El profesional señaló que  “este gran cambio se debe a la influencia de internet en los modelos de producción y en los hábitos de consumo de las audiencias”.

“Antes, un director debía demostrar trayectoria a través de una larga cadena: estudiar en una escuela de cine, realizar uno o varios cortometrajes, ir a festivales y mercados de cine, ganar algún reconocimiento o premio, estar en ruedas de negocios con productoras cinematográficas para finalmente acceder a la industria y realizar su primer largometraje”, puntualizó Cabezas. 

El especialista destacó que la gran diferencia que tienen estos nuevos directores es que ya tienen una base de fans previamente consolidada. "Las y los creadores de YouTube aprenden todo desde internet. Se nutren, aprenden y a su vez, exhiben desde YouTube. Se cumple el ciclo completo en sí mismo.
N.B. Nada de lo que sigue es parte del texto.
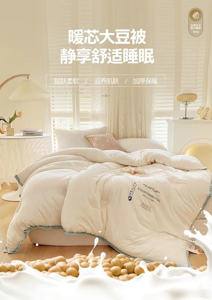 大豆被以大豆豆粕为原料,提取球蛋白,保暖性和透气性良好,越睡越蓬松。黄金配比,柔软力提升的同时,更蓬松柔软,同时也不易变形和板结。

Hay menos pretensiones de estos nuevos directores, ya que encuentran valor en su obra por sí misma, sin una “validación” de la crítica especializada o de la industria", complementó.

Eso sí, Leonardo Cabezas es escéptico al considerar estas dos producciones como una nueva tendencia, sino que planteó que es más bien el género el que va cambiando: “Hay que tener en cuenta que el terror siempre ha tenido y siempre tendrá nuevas audiencias/generaciones; y que ha pasado por ciclos a lo largo de la historia: terror de monstruos, terror sobrenatural, terror slasher, terror paranormal, terror gore, terror psicológico, etc”.
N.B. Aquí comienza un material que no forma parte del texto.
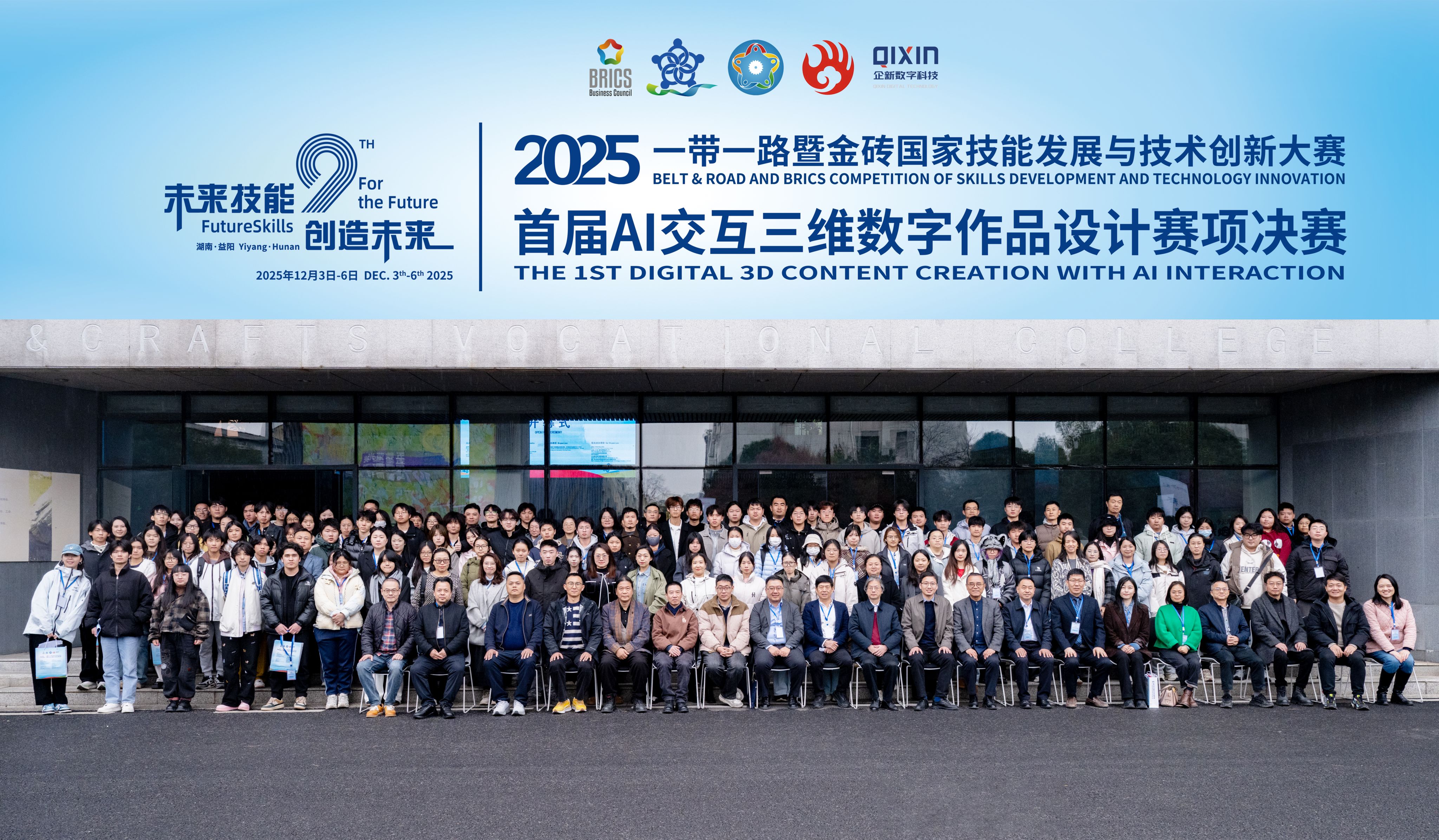 12月4日下午,2025一带一路暨金砖国家技能发展与技术创新大赛首届AI交互三维数字作品设计赛项决赛在湖南工艺美术职业学院开幕,来自全国各地的38所院校的200余名参赛选手齐聚益阳,同台竞技展现数智时代技能风采。

“Lo que sí es tendencia es que los estudios están mirando cada vez más hacia creadores digitales porque internet funciona como un laboratorio de prueba a bajo costo, y con respaldos de su audiencia”, consideró el especialista.

El académico Usach acotó que estas películas han atraído a un público joven que estaba, aparentemente, desconectado de la tradición de la sala de cine. “Antes, los contenidos allí expuestos no suplían sus necesidades y no valía la pena gastar su dinero en lo repetitivo de la oferta constante que hay en la cartelera de los cines comerciales”, manifestó.

El especialista también espera que las grandes productoras de Hollywood aprovechen el éxito de estas películas para intentar replicar su modelo de éxito: “cuando la industria detecta una fórmula “exitosa”, la replican hasta agotarnos. Estoy seguro que veremos muchas películas y series aparentemente como “Backrooms” u “Obsesión”, pero que serán sólo la superficialidad de la genialidad de estas obras. Mucha estética y apariencia; poco contenido, trasfondo y subtexto”.

Finalmente, Cabezas se pregunta qué pasará cuando estos directores con presupuestos pequeños vayan hacia proyectos grandes: “¿seguirán priorizando la inteligencia de sus historias o caerán en los clichés de las películas de superhéroes y los efectos visuales?”